From a practical standpoint, linear adjustment for the randomization variables in ANCOVA offers substantial efficiency gains, is simple to carry out, and has strong theoretical support^30,31 in many common trial settings. For example, under equal allocation in two-arm trials, the ANCOVA estimator has been shown to asymptotically equivalent to the semiparametric efficient estimator (when the true outcome surface is linear),^32,33 and this can fully capture the precision gain from covariate-constrained randomization as long as the randomization variables are sufficiently adjusted. While ANCOVA is attractive for its simplicity and robustness, it may not fully capture the nuanced data-generating process (especially under unequal allocation or when the true outcome surface is nonlinear), making more flexible, data-adaptive covariate adjustment methods such as DML appealing. These methods can approximate complex relationships and, in large samples, achieve semiparametric efficiency under weak assumptions. However, there is a trade-off between model complexity and theoretical optimality. That is, DML requires a sufficiently large number of independent units to accurately estimate complex nuisance functions and realize its asymptotic benefits. In our motivating example, with 72 clusters as independent units, the advantage of DML over ANCOVA may be limited. In contrast, in individually randomized trials or cluster randomized trials with over 100 clusters, DML may have greater potential to outperform ANCOVA. A similar discussion of this balance between complexity and efficiency under simple randomization in cluster randomized trials can be found in Wang et al.,²⁴ and the same considerations apply in the context of covariate-constrained randomization designs.
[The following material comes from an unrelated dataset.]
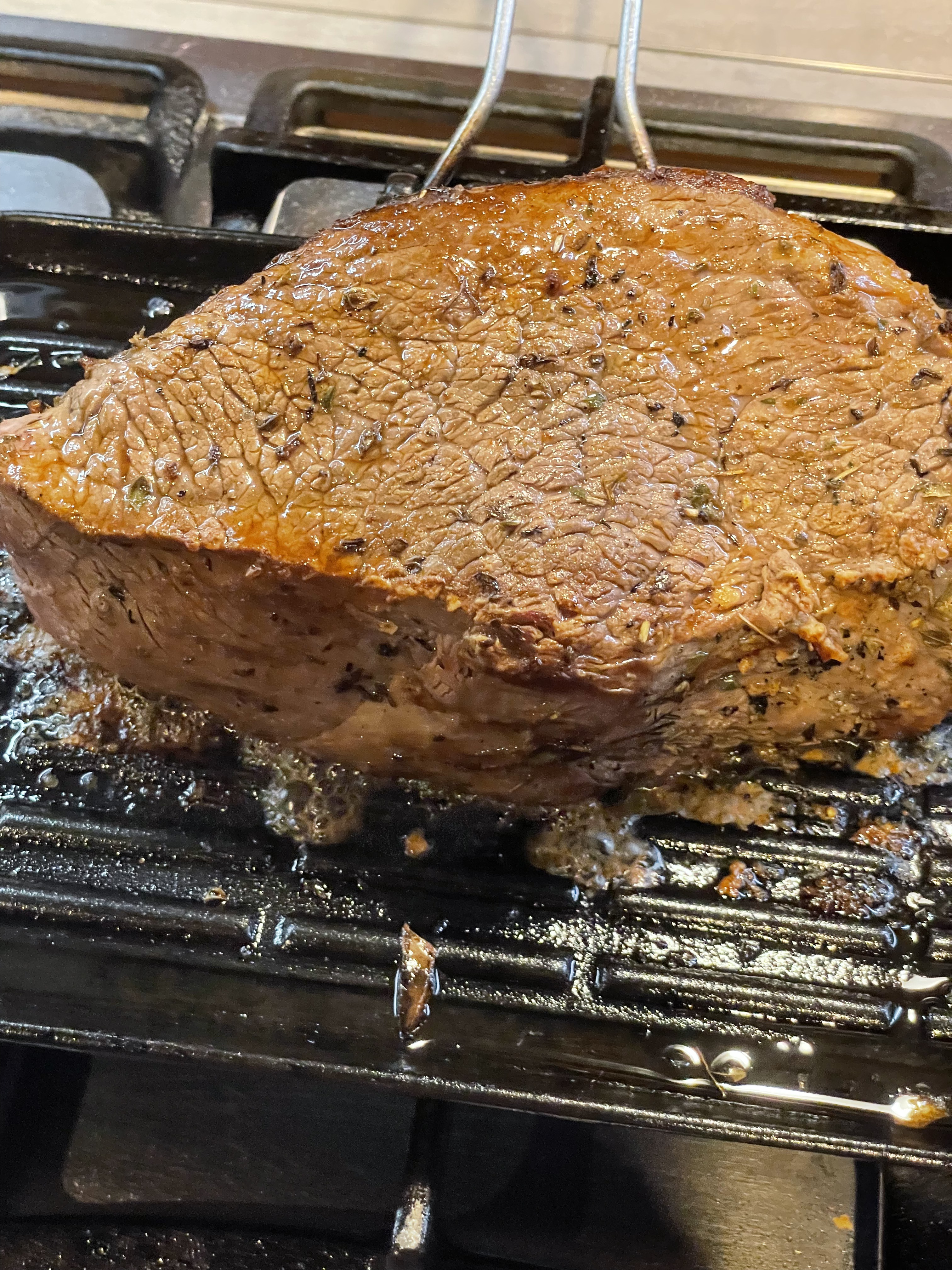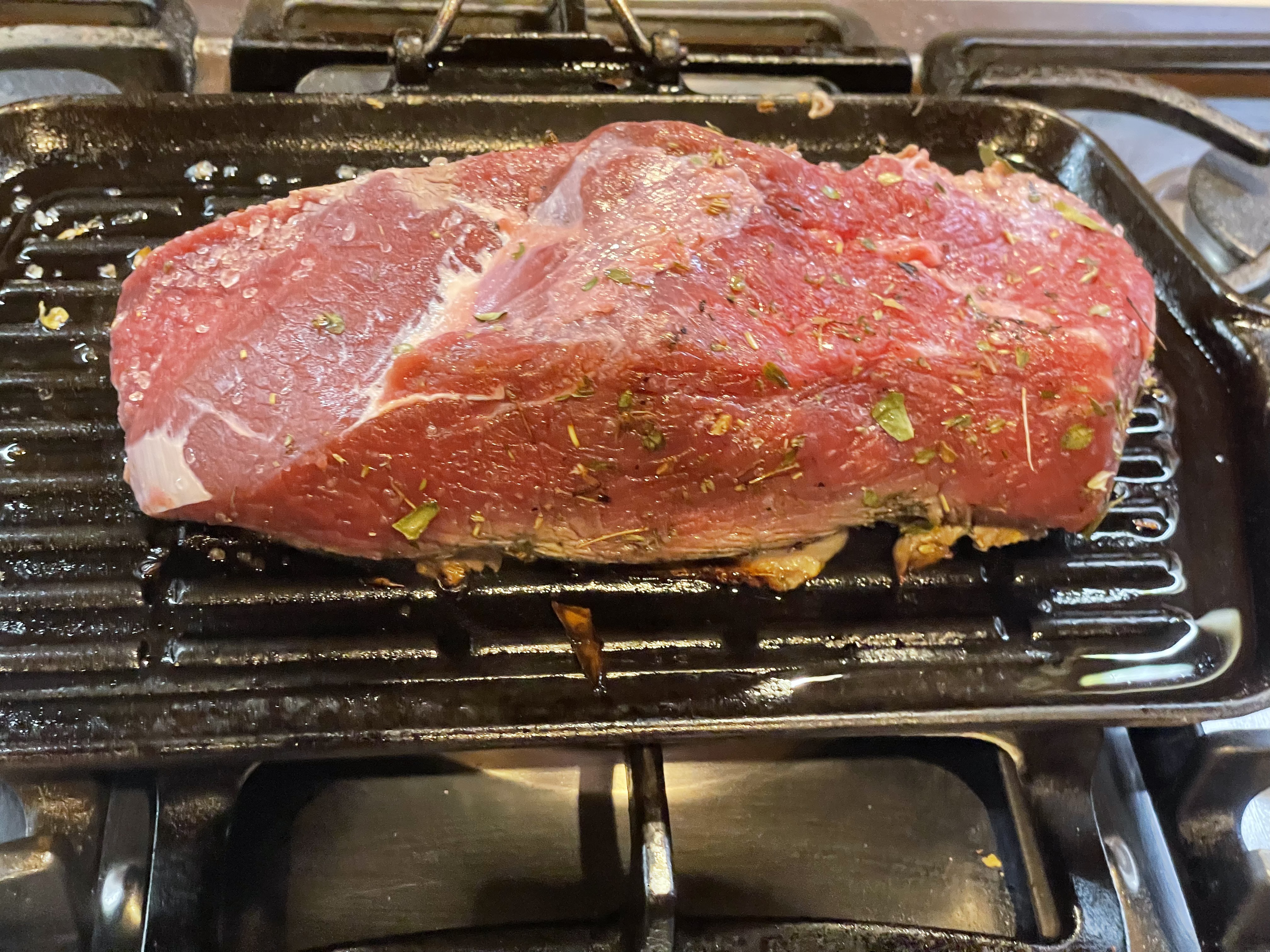 Bistecchiera in ghisa fredda Carne lato grasso sotto Fiamma medio-bassa

For implementation, covariate-constrained randomization encompasses many variations, differing in balance metrics, weighting of covariates, and acceptance thresholds, each of which may influence both balance properties and downstream analytic requirements. Our theoretical results provide formal justification for these variants and guidance for aligning the analytic model with the specific form of constrained randomization used. In practice, we recommend that trial statisticians document the chosen balancing algorithm in sufficient detail to permit replication and to inform the choice of analytic model. Specifically, our results reinforce the recommendation of aligning the design and analysis in clinical trials (e.g. those that were discussed in Li et al.^5,6 based on their extensive simulation findings). That is, one is recommended to ensure that the analysis model incorporates randomization variables used in covariate-constrained randomization, to the extent possible, such that inference procedures developed under simple randomization can be directly applicable.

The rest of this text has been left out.